Набожна Альдонса,- как и все крестьяне Соединённых Островов,- в её
комнате образа висят и крестики,- стоит у стены каменная Мадонна, грубо
сделанная, но сладко благословля-ющая на любовь и на печали; - в углу
темнеет деревянное распятие,- у ног Мадонны, у ног Христа цветы живые, и
бумажные пёстрые гирлянды. На столе книжки, издания Дома Любви Христовой. А
вот, на кровати из-под подушки зачем же виден прочитанный наполовину роман
Пьера Луиса? Ну, это, конечно, привёз милый, когда ездил в город покупать
соль или гвозди.
Краснела, краснела Альдонса, когда жестокая Афра вытащила из-под
подушки книжку в жёлтой обложке и, медленно перелистывая её, сказала:
- Что-то скажет здешний священник, когда войдёт к Альдонсе Жорис и
увидит эту книжку?
- Альдонса её спрячет,- сказала, улыбаясь, Ортруда, и спросила: - Ты
счастлива здесь, Альдонса?
- О, да, ваше величество! - живо ответила Альдонса. Я здесь очень
счастлива. Дети ко мне ласковы. Дети такие милые. И море близко.
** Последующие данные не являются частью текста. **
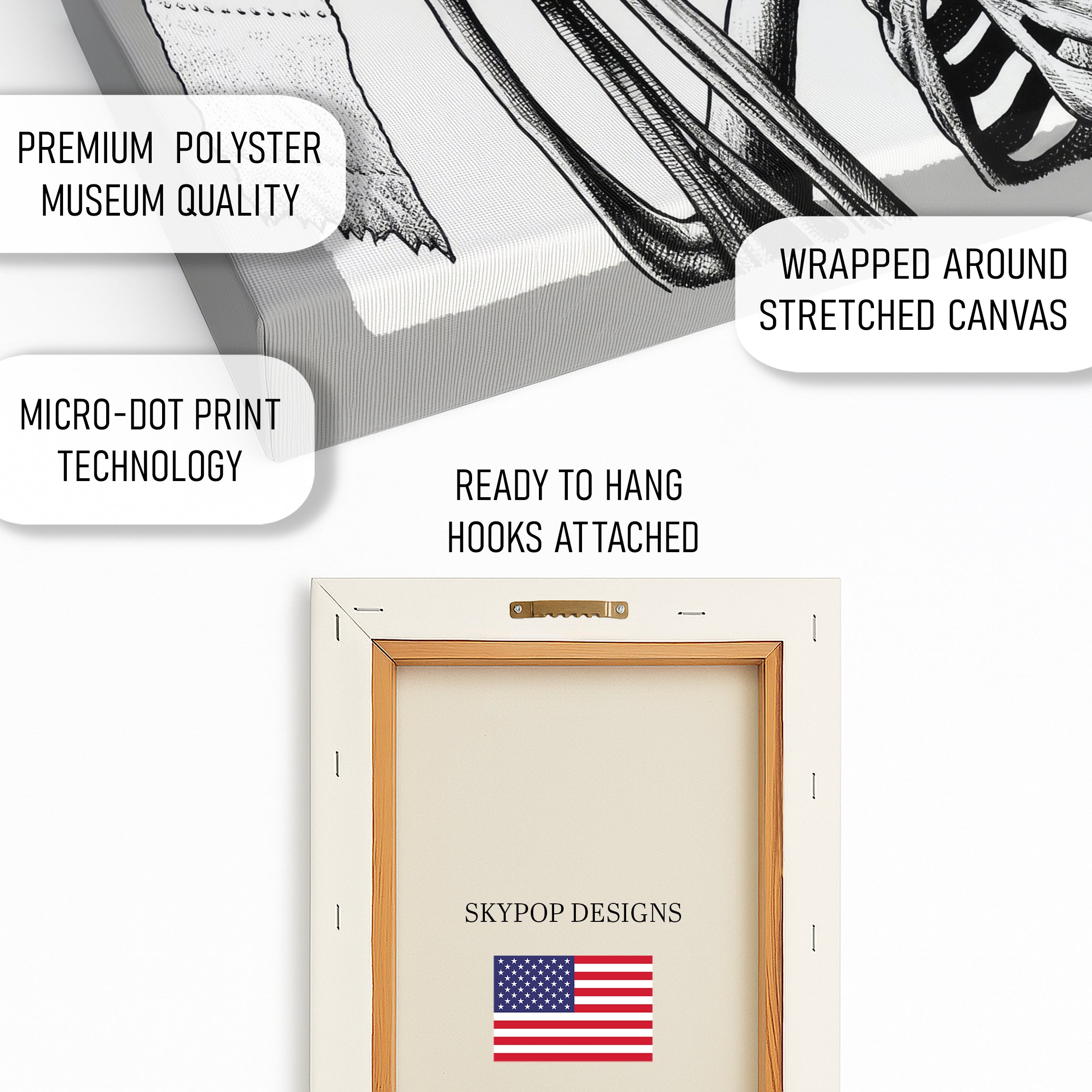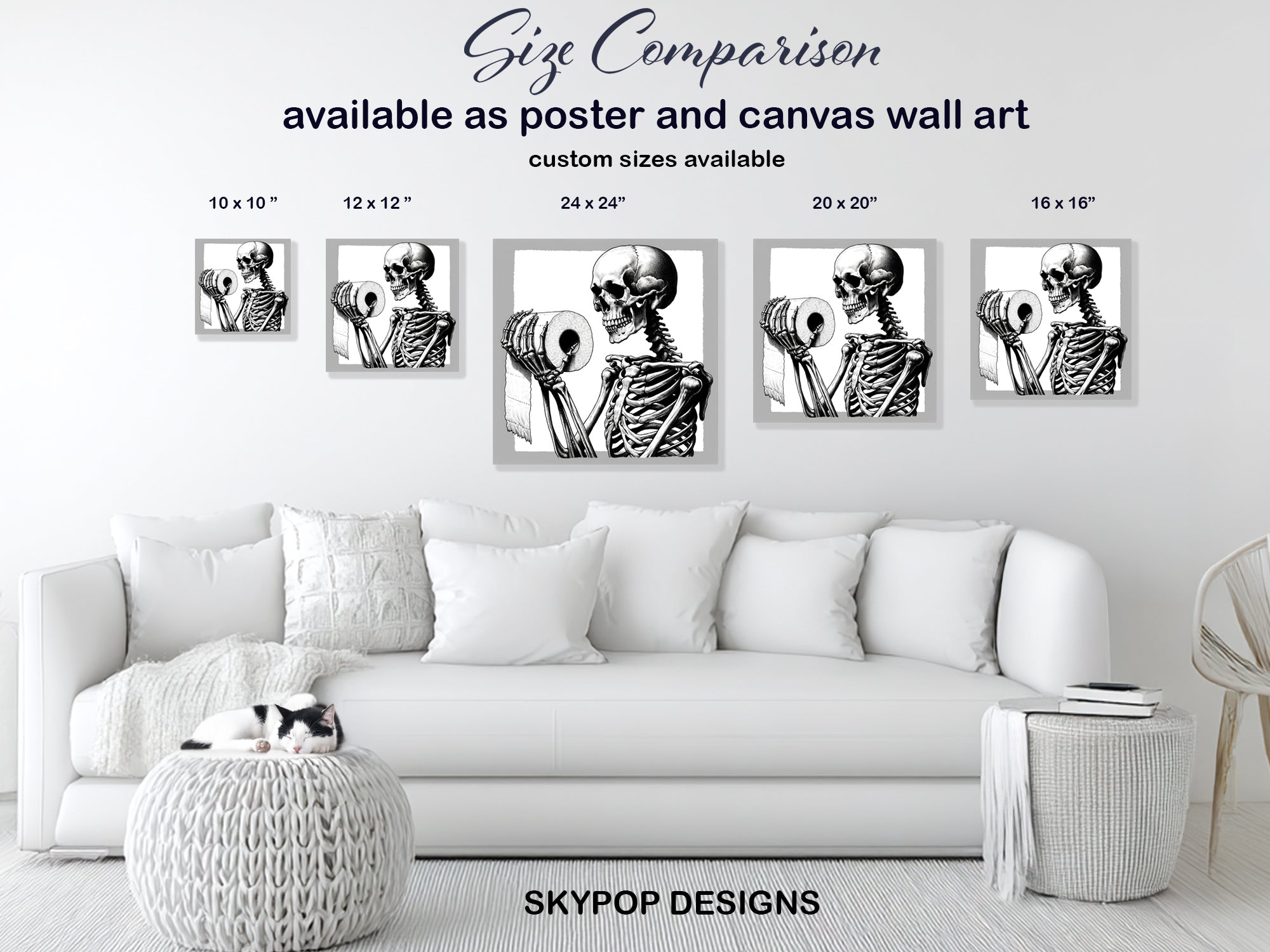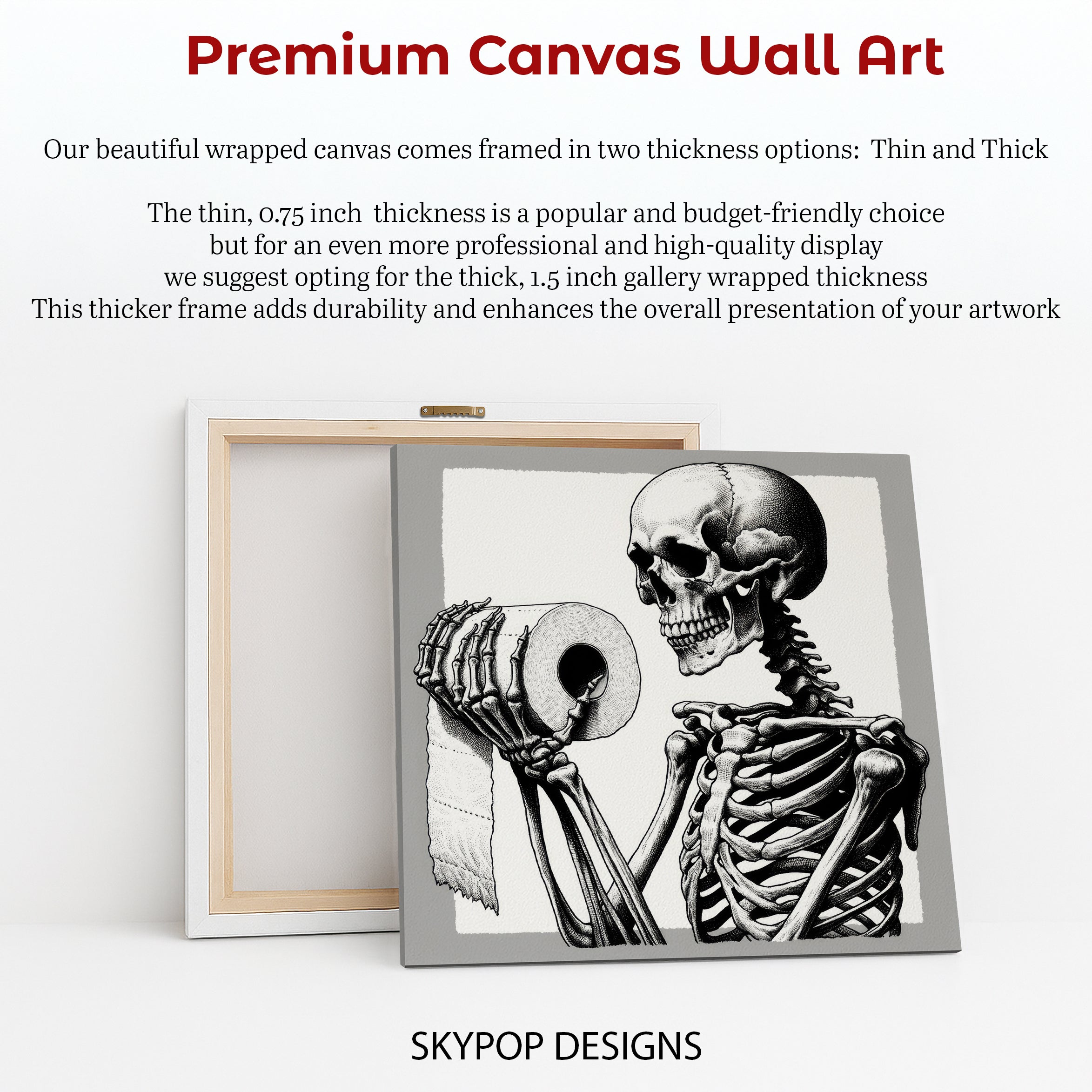 Add a touch of dark humor and modern flair to your space with this striking skeleton canvas wall art. This unique poster showcases a detailed illustration of a skeleton holding a roll of toilet paper, a conversation starter that is perfect for adding personality to any room. The black and white palette and stark linework make this an ideal fit for modern and minimalist decor styles, effortlessly enhancing contemporary living rooms, modern bathrooms, or even a home office. This captivating artwork, whether as a poster or canvas wall art, conveys a sense of playful morbidity and offers a refreshing departure from typical wall decor. It’s a bold statement piece that sparks dialogue and adds an unexpected twist to your interior design. Elevate your space with this unconventional yet artistic representation of a common item, bringing a unique vibe to dorm rooms or game rooms. The detailed stippling technique in this canvas wall art creates depth and visual interest, making it a standout piece. If youre looking for unique wall art or a distinctive poster for a gift, this skeleton art is an excellent choice for birthdays or housewarmings. Transform ordinary walls into a focal point with this memorable and creatively designed canvas wall art that celebrates individuality. Make a statement with this trending piece of artwork.

Глаза у Альдонсы блестели, как блестят они только у влюблённых. Видно
было, что слова о детях, о море - это так только, потому что прячется
знойный бес сладострастия, за всякие прячется личины. И как было Opтруде,
всё ещё влюблённой, не догадаться, что влюблённая стоит перед нею! Ортруда,
улыбаясь, спросила:
- У тебя, Альдонса, есть друг, не правда ли? Ведь я угадала верно?
Багряно краснея, улыбнулась Альдонса, и еле слышно шепнула: Да, есть.
- Кто же он, твой друг? - ласково спрашивала Ортруда.
- Не знаю,- сказала Альдонса.
Напряжённо знойным оставался румянец её смуглых щек. Но всё так же
радостна была её улыбка. Ах, счастливы глупые!
- Как же ты этого не знаешь? - спросила Ортруда, дивясь.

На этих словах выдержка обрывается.